Razem z kamerdynerem udali się na spokojny spacerek do lasu jednak niefortunnie napadł na nich wilk, a dokładniej wilkołak. Z całej sytuacji wyszli żywi, jednak Mer niestety został zadrapany i przeżył przemianę w wilkołaka. Normalnie miał ze sobą problemy a co dopiero będąc tak podatnym na emocje, przy regeneracji blokującej działanie leków. Przy najbliższej pełni mimowolnie zabił swoich rodziców. Całego zdarzenia nie pamiętał, krzyki i zapach krwi przypomniał sobie dopiero z czasem wpadając przy tym w depresję.

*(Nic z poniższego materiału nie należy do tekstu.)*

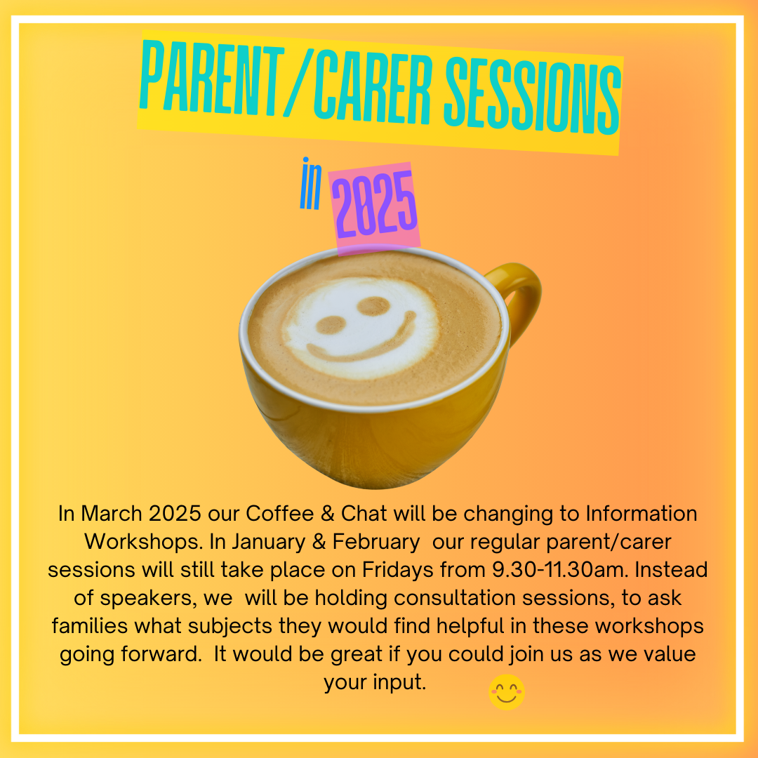 In March 2025 our Coffee & Chat will be changing to Information Workshops. Throughout January & February our regular parent/carer sessions will still take place on Fridays from 9.30-11.30am. Instead of speakers, we will be holding consultation sessions, to ask families what subjects they would find helpful in these workshops going forward. It would be great if you could join us as we value your input. Refreshments available. Please note, these sessions are for parents/carers only and we do not allow children to attend.

Smierć jego rodziców oczywiście była bolesna a późniejsze wydarzenia wcale nie podnosiły chłopaka na duchu. Został on adoptowany przez wujostwo, dokładniej brata jego ojca. Zamieszkał z nim, ciotka i trójką kuzynów. Może i byłoby to miłe, na pewno lepsze niż trafienie do nieznajomych ludzi jednak niestety wujostwo za nim nie przepadało a kuzyni go wyśmiewali ze względu na fakt bycia niewidomym, spędzanie wolnego czasu w książkach itd. Przygarnęli go jedynie ze względu na majątek odziedziczony po rodzicach. Poczuli się jak bogacze więc w domu panowała dość sztywna atmosfera za, którą Mer nie przepadał to też często wymykał się z domu. Błąkał się po ulicach tak na prawdę bez większego celu aż pewnego dnia udało mu się poznać trzy osobową grupkę nastolatków, którzy postanowili na niego napaść. Co prawda szans nie mieli ponieważ wilkołacza siła robiła swoje jednak ku zaskoczeniu skończyło się to przyjaźnią. Mercury dobrze czuł się w ich towarzystwie, nie musząc nikogo udawać. Trójka przyjaciół pomagała mu z jego wilczym problemem, pilnowali go podczas pełni i tak dalej a w wolnym czasie miło spędzali czas na wygłupach, zastraszaniu ludzi, bójkach czy po prostu bądźmy szczerzy chuligaństwie a czasem nawet kradzieżach. Logicznym jest, że nie raz trafiali ze względu na to na komisariat policji, jednak pieniążki robią swoje i zawsze wychodzili z tego cało chociaż za niektóre bójki Mercury dostawał kuratora.
Na początku liceum wyprowadził się z domu i zapisał do akademii położonej w szwajcarskich Alpach. Miał tam trochę przygód: należał do samorządu uczniowskiego, był dyskryminowany przez wychowawcę, poznał swoja pierwszą miłość, został porwany przez wilkołaka alfę który się nad nim znęcał i tak dalej. Po ostatniej sytuacji z alfą jednak postanowił się przenieść do szkoły w Kalifornii gdzie zapisał się na profil humanistyczny.